Programs receive grants for research

Along with the development of the William Beaumont School of Medicine and the construction of the Human Health Building, Oakland University has demonstrated its emphasis on science education in the form of faculty research.

Within the past few months, several researchers have received grants from national institutions to conduct research in the scientific fields. One professor who received such a grant is Michael Sevilla, a professor of chemistry at OU. In August, Sevilla received $263,479 as part of a multi-year grant from the National Cancer Institute of the National Institute of Health.

Sevilla’s research group has focused their studies on free radical chemistry of biomolecules. Free radicals, which are highly unstable cells that bond to the surrounding cells, often cause problems in a person’s DNA and are frequently created during radiation treatments for cancer patients.

“My laboratory investigates processes that occur after high energy radiation interacts with DNA at the molecular level,” Sevilla said. “We employ instrumentation that detects molecules which have gained or lost an electron. Our work establishes the processes that lead to the site of the DNA damage.”

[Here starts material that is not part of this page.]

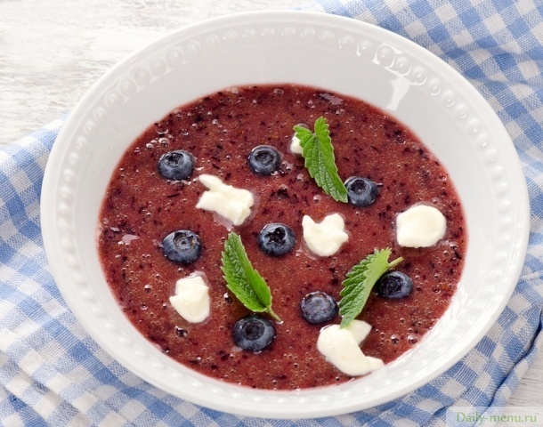 вода, черника, йогурт 3,2% , сок апельсиновый, вино полусухое, сливки, 20,0% жирности, цедра апельсиновая, корица, гвоздика, кардамон

As hospitals begin to use ion beams to administer the treatments because they are seen as more accurate, Sevilla’s team is working to see how ionization may affect the creation of free radicals.

“We are now investigating the new mechanisms of formation of DNA damage that include excited states that are also produced by high energy irradiation,” Sevilla said. “We find that excited sates in concert with free radicals greatly enhance the damage to the sugar phosphate backbone of DNA resulting in strand breaks and loss of DNA functionality.”

The grant from the NHI will help sponsor the involvement in this research of two doctors who are doing post-doctoral work, as well as two graduate students and several undergraduate students.

Prior to this grant, Sevilla’s work has also received funding from the National Science Foundation, the American Chemical Association and the United States Department of Agriculture. Sevilla said the USDA was involved with his study of how radiation may be used for the preservation of food. His radiation research was approved, however radiation food preservation tactics are not yet used in the United States.

An additional grant was received by Andrei Slavin, a physics professor who also serves as chair of the Department of Physics. Slavin has received two grants from the National Science Foundation. The first will help fund his theoretical research on the creation of a model generator of microwaves. His theoretical research accompanies experimental research done by a group at the University of California – Irvine. The second grant applies to his research on the development of new artificial magnetic material. This research is part of Materials World Network, which involves work done by researchers from Ukraine, Spain and the United States.

Slavin stresses that although the grant process is especially competitive for theorists – which most of the OU physics department is comprised of – the 10-person department still has done well in the competition.

“The physics department brings in 25 percent of outside research money at Oakland University, or about $2 million a year,” Slavin said. “We’re competing with the best universities in the country.”

The grant money Slavin receives will also go toward hiring students and other important team members for his research.

“If these people are hired from outside, they work with me and the department and develop an opinion of Oakland University,” Slavin said. “We’re spreading the news that we’re fine here and we’re doing better than universities that are three times as large with three times as much money.”

Other grants that have been received by faculty in the OU scientific community include $446,742 toward Dr. Yang Xia’s work in detecting deterioration of cartilage to help detect osteoarthritis; a $299,995 grant to assist in the creation of the Interdisciplinary Research Experience in Electrical and Computer Engineering summer program for students, which is led by Dr. Osamah Rawashdeh, who is an electrical and computer engineering assistant professor; $1,054,638 from the U.S. Office of Naval Research for Dr. Xiangqun Zeng’s work on creating sensors to detect explosive devices; $1,060,410 as part of a five-year grant from St. John Health System to help develop the Riverview Project, which aims to help improve nursing education; and $114,075 to fund the Automotive and Energy Research and Industrial Mentorship Research Experience for Undergraduates program, which the National Science Foundation hopes will attract students – particularly females – to study mechanical engineering.